Yes - I have always had successful wgets and curls to all of the domains my multisite is is using. I am able to provision everything else just fine with a manual cert, it is just this letsencrypt task.

Would this fix help?

Is your workstation behind a HTTP/HTTPS proxy?

No, sorry nothing in that post helps, & no I’m not behind a proxy.

It just worked!

Made sure ipv6 was turned off locally.

kept retrying thru several errors.

saw new error about getting CAA record for root domain. retried…

then finally… success.

Not sure I understand how to avoid this in the future, but I will probably have another chance soon.

What do you get with dig AAAA yourdomain.com in the terminal that also runs ansible?
Is there some AAAA (IPv6) record for that domain, which is not used as you disabled IPv6 on your system?

No, There aren’t any AAAA records.

But even if you do not see them at the registrar does not mean that there are not cached or locally added ones. :thinking: Does the dig command on the workstation that runs ansible list AAAA records for that domain?

no. dig does not list AAAA only A record for the domain.

Follow up: I noticed that on a Trellis web server there are similar errors that occur sporadically:

r3.o.lencr.org could not be resolved (110: Operation timed out) while requesting certificate status, responder: r3.o.lencr.org

I read about nginx having issues with resolving over DNS and resolver directive for fixing this.

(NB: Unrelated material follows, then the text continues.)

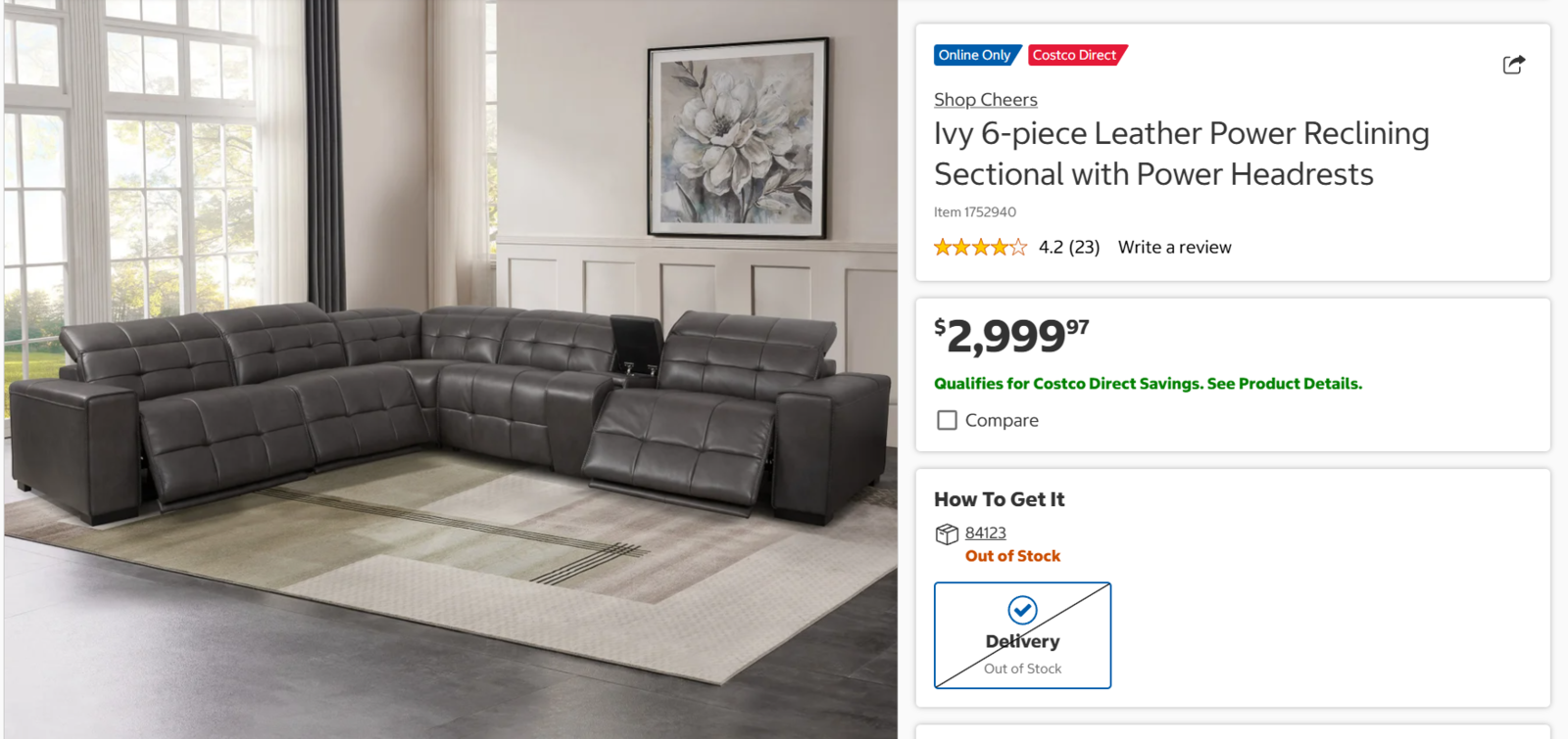 Experience next-level comfort and style with the Ivy leather sectional! Its sleek, low-profile shape creates a spacious feel, while its contemporary design turns your living room into a showpiece. Three power reclining seats, adjustable headrests, and intuitive controls that let you find your perfect position in seconds. Stay connected with USB and USB-C charging ports on each arm, along with a soft close storage console featuring extra USB ports and removable, dishwasher-safe cup holders. Modular flexibility means you can arrange the console and armless chairs to suit your space. With extra-wide seats, distinctive tufting, and plush padded arms, the Ivy sectional delivers stunning looks and luxurious comfort, topped off by an innovative zero gravity recline for effortless head and footrest adjustment. Treat yourself to the Ivy—where form and function meet in pure luxury.

But does that make sense, also those sporadic errors do not appear to cause issues with renewing the certificate.

1 Like

Follow up:

Thanks @strarsis - this continues to be an issue for me.

I saw the certificate on my production server was over 60 days old and not automatically renewing. Saw those same similar errors in /var/log/nginx/error.log: Lots of -
connect() failed (101: Network is unreachable) while resolving, resolver: [2606:4700:4700::1111]:53 (the resolver: is always a IPv6)

or r11.o.lencr.org could not be resolved (110: Operation timed out) while requesting certificate status, responder: r11.o.lencr.org

I tried running the renewal from the server directly with:
cd /var/lib/letsencrypt && ./renew-certs.py && /usr/sbin/service nginx reload

I saw the same pattern of errors… where it would fail on a different url acme challenge each time… in the past I have retried until success.

This time I figured I’d try modifying the nginx config for the resolver here: vim /etc/nginx/h5bp/directive-only/ssl-stapling.conf I upped the valid time and resolver timeout & restarted nginx:

resolver
  # (1)
  1.1.1.1 1.0.0.1 [2606:4700:4700::1111] [2606:4700:4700::1001]
  # (2)
  8.8.8.8 8.8.4.4 [2001:4860:4860::8888] [2001:4860:4860::8844]
  # (3)
  # 216.146.35.35 216.146.36.36
  valid=600s;
resolver_timeout 20s;

after 2 or 3 more failed attempts it succeeded! I cannot be sure my change is what helped, so I reset the valid and timeout times & restarted nginx again…

While not entirely conclusive yet, this all seems to point to some kind of persistent timeout problem when attempting to renew. I will keep this open & follow up again in another 60 days or so, lol.

2 Likes

Also wanted to note I learned this is not actually true, the acme challenge tests do originate from the server, not the workstation. I can verify this as I encountered the same errors while running the renew-certs.py file from the server, not my workstation.